Il y a quelques semaines, dans sa chronique dans Charlie Hebdo, le psychanalyste Yann Diener se basait sur deux livres d’Emmanuel Carrère, et m’a donné envie de les lire. J’ai acheté La moustache en livre de poche d’occasion. Je n’ai pas vu l’adaptation qu’il en a faite au cinéma avec Vincent Lindon, Emmanuelle Devos et Mathieu Amalric. Du même auteur, je vous ai déjà parlé de D’autres vies que la mienne.
Le livre : La moustache, d’Emmanuel Carrère, éditions POL, 1986, 192 pages, ISBN 2-86744-057-2 [lu en Folio n° 1883, 1987, rééd. 2005, 183 pages].
L’histoire : un jour, une fin d’après-midi plutôt, dans l’appartement d’une ville indéterminée. Alors qu’il prend un bain avant de partir dîner chez des amis, le mari d’Agnès décide de se raser la moustache qu’il porte depuis dix ans, elle l’a donc toujours connu avec. Mais elle ne remarque pas ce changement, pas plus que leurs amis. Au retour, il finit par se fâcher, ce n’est pas sympatique de ne pas avoir remarqué le changement… mais elle lui assure qu’il n’ jamais porté la moustache, il n’a qu’à vérifier avec les photographies de vacances ou auprès de ses collègues du cabinet d’architecte… Et s’il laissait repousser sa moustache ?

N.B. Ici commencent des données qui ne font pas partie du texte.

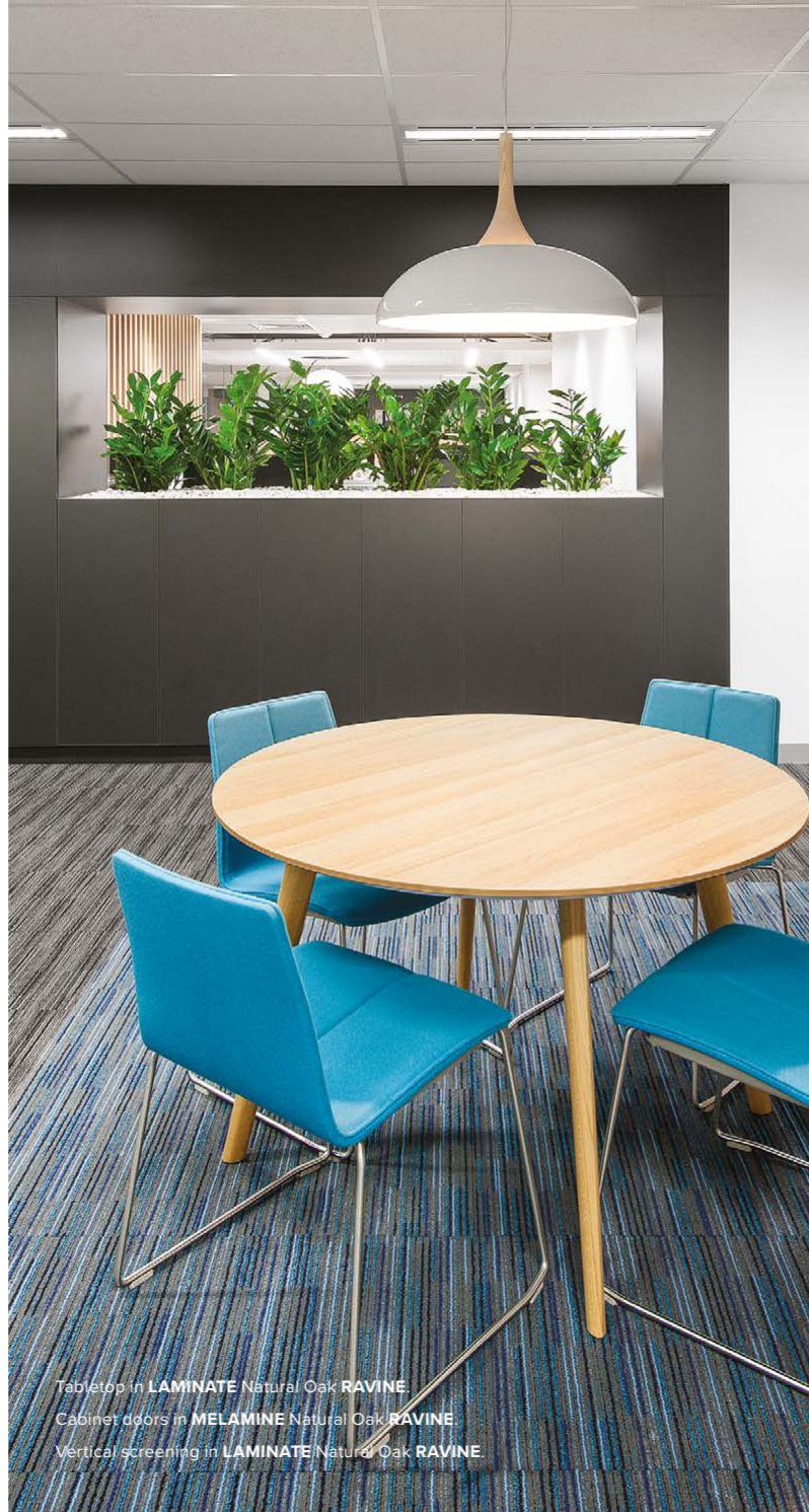
Tabletop in LAMINATE Natural Oak RAVINE Cabinet doors in MELAMINE Natural Oak RAVINE Vertical screening in LAMINATE Natural Oak RAVINE

Mon avis : la narration, bien qu’à la troisième personne, nous fait entrer de plain pied dans la folie où sombre peu à peu l’homme, avec lui, on finit par douter, y a-t-il un complot, s’est-il rasé la moustache ou ne l’a-t-il jamais portée? Est-il victime de la fatigue, du surmenage, sous la pression d’un projet urgent à rendre au travail? Est-ce sa femme qui a décidé de le rendre fou en se moquant de lui et en complotant? Le lecteur est déstabilisé jusqu’à la fuite à Hong-Kong, où tout bascule définitivement. Un livre à découvrir, très original dans son mode narratif et son approche de la folie… Qui est fou, d’ailleurs? [Pour le rapport au père évoqué dans l’article de Yann Diener, j’attends de lire le deuxième livre pour comprendre].